Work task
Copy only what lies from the line containing "Material: Red Marble" through the line containing "Le tataki de" in the entries below, keeping both end lines exact and dropping every picture.

Data for the task
_ _ _ _

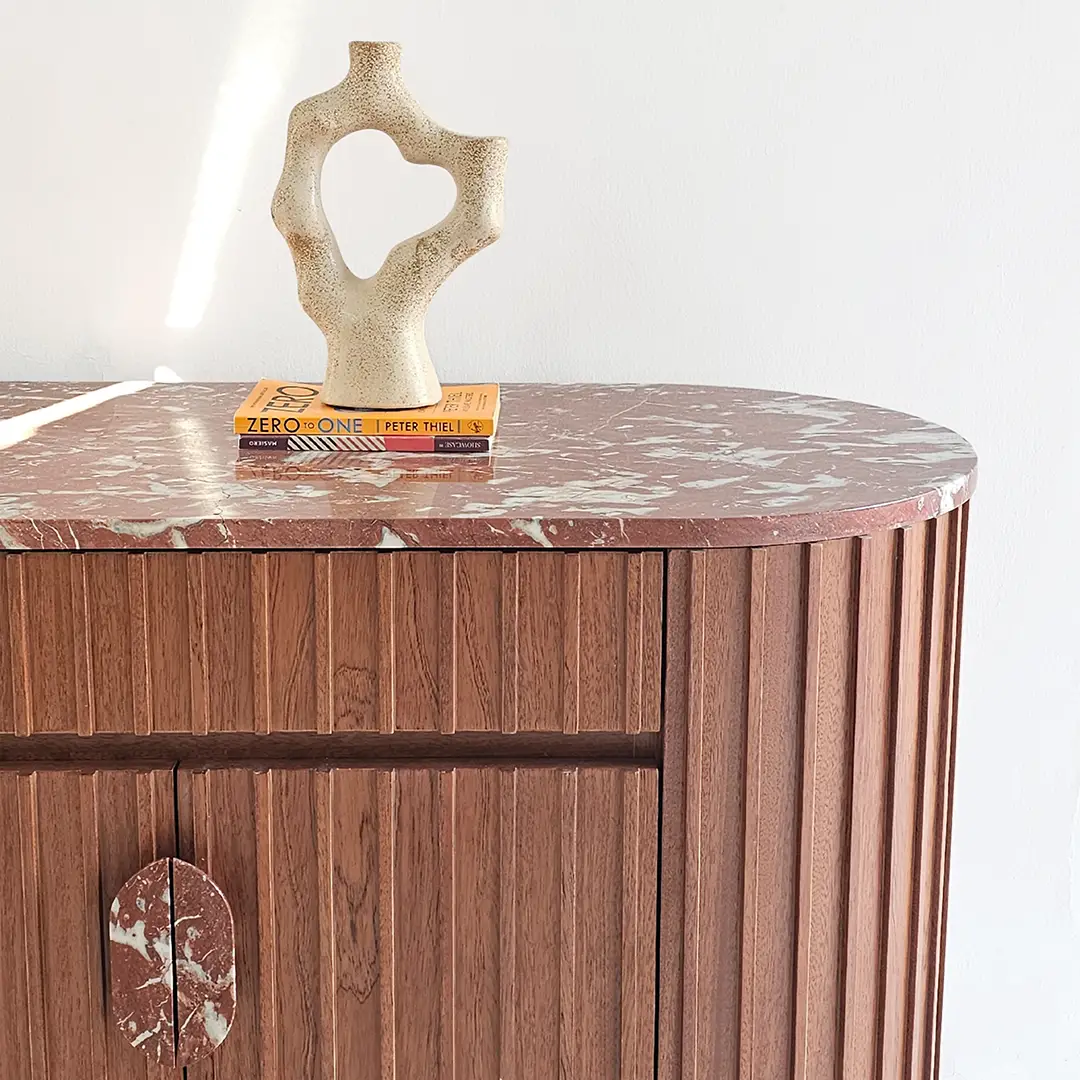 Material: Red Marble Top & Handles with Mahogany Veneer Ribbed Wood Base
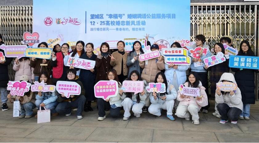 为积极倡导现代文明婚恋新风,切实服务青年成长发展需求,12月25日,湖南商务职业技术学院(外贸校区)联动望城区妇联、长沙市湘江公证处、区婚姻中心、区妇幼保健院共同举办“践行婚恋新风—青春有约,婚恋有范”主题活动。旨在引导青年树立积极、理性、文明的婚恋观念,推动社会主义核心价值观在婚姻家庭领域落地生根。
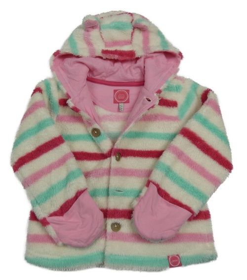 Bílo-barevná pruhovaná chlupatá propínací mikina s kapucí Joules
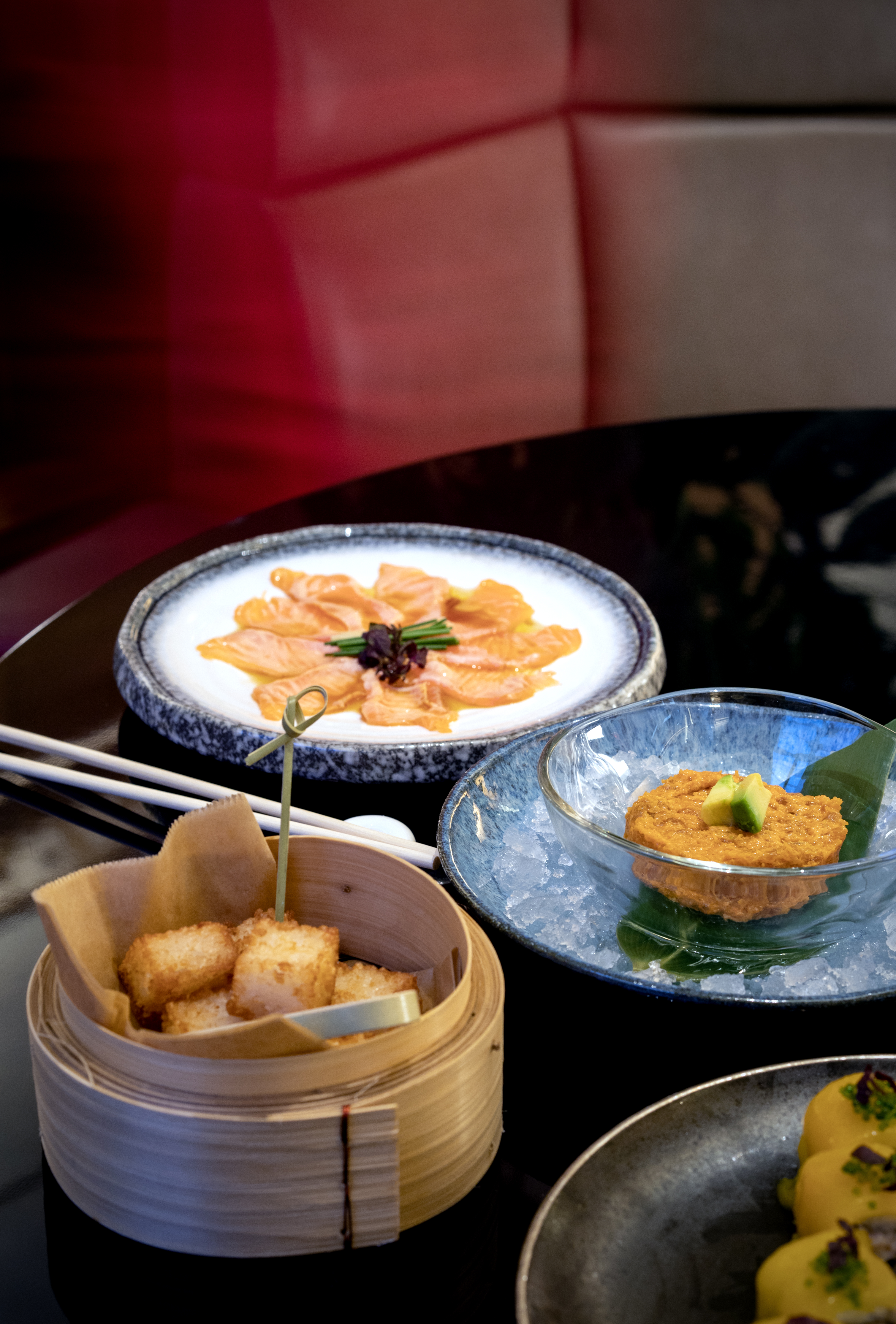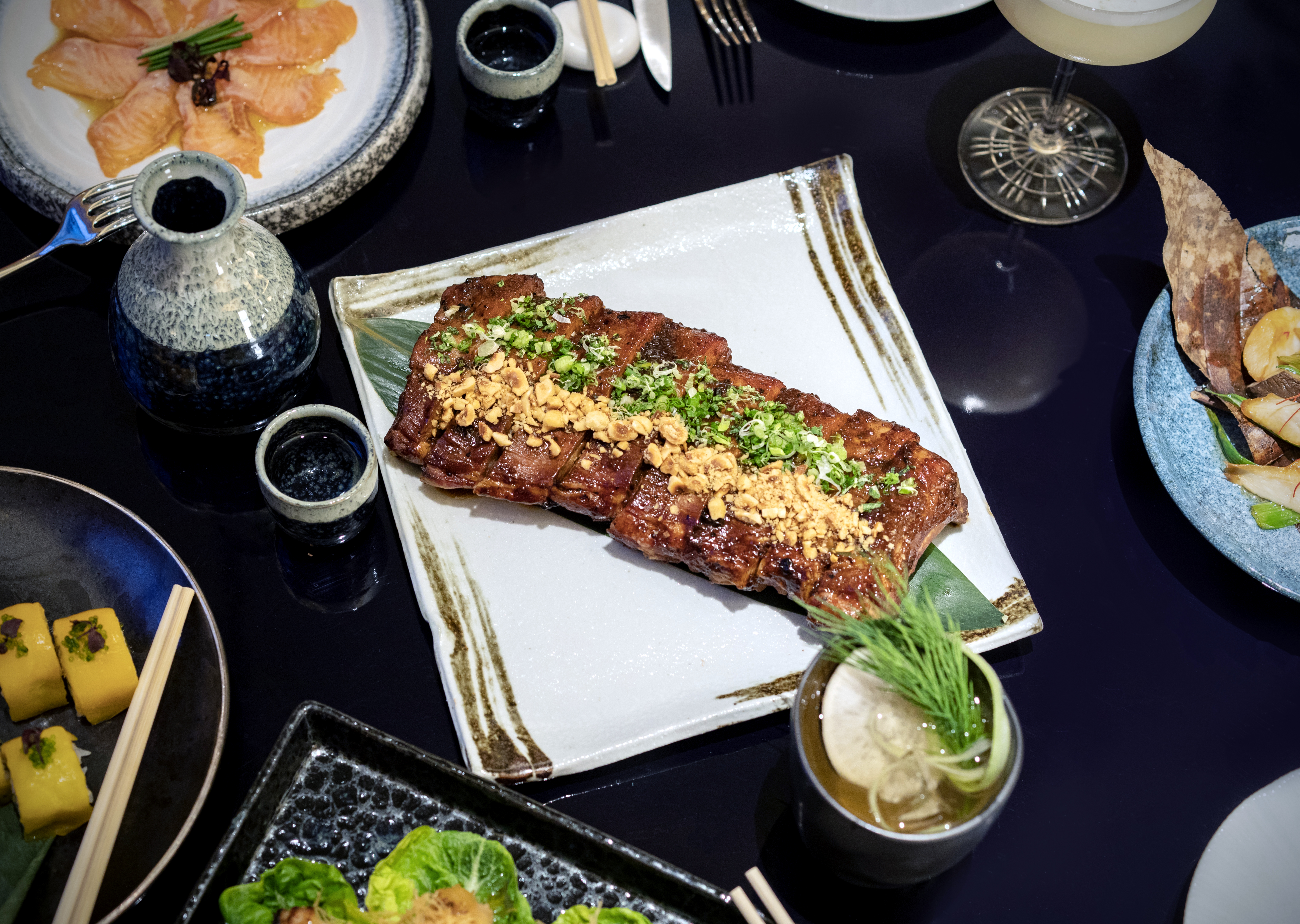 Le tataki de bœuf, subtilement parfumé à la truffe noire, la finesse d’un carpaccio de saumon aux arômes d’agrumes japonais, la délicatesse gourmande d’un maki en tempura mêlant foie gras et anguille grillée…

_ _ _ _

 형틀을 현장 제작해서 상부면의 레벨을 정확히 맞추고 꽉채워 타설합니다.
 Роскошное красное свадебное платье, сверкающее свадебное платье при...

_ _ _ _

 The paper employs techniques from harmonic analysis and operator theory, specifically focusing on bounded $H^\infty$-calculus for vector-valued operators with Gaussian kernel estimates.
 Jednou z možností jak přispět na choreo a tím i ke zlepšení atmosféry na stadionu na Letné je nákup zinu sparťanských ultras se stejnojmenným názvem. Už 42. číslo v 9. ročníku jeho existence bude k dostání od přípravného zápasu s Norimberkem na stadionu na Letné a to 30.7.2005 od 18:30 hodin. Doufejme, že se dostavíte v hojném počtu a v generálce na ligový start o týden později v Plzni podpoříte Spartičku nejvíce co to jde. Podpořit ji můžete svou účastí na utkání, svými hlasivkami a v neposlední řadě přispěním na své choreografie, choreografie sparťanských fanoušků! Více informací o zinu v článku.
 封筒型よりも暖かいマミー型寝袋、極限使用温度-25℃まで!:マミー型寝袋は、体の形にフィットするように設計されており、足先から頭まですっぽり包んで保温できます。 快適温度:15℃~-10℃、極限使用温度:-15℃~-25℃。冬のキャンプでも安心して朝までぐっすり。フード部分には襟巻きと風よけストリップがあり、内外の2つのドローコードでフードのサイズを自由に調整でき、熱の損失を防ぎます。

_ _ _ _

Response box
 Material: Red Marble Top & Handles with Mahogany Veneer Ribbed Wood Base
 为积极倡导现代文明婚恋新风,切实服务青年成长发展需求,12月25日,湖南商务职业技术学院(外贸校区)联动望城区妇联、长沙市湘江公证处、区婚姻中心、区妇幼保健院共同举办“践行婚恋新风—青春有约,婚恋有范”主题活动。旨在引导青年树立积极、理性、文明的婚恋观念,推动社会主义核心价值观在婚姻家庭领域落地生根。
 Bílo-barevná pruhovaná chlupatá propínací mikina s kapucí Joules
 Le tataki de bœuf, subtilement parfumé à la truffe noire, la finesse d’un carpaccio de saumon aux arômes d’agrumes japonais, la délicatesse gourmande d’un maki en tempura mêlant foie gras et anguille grillée…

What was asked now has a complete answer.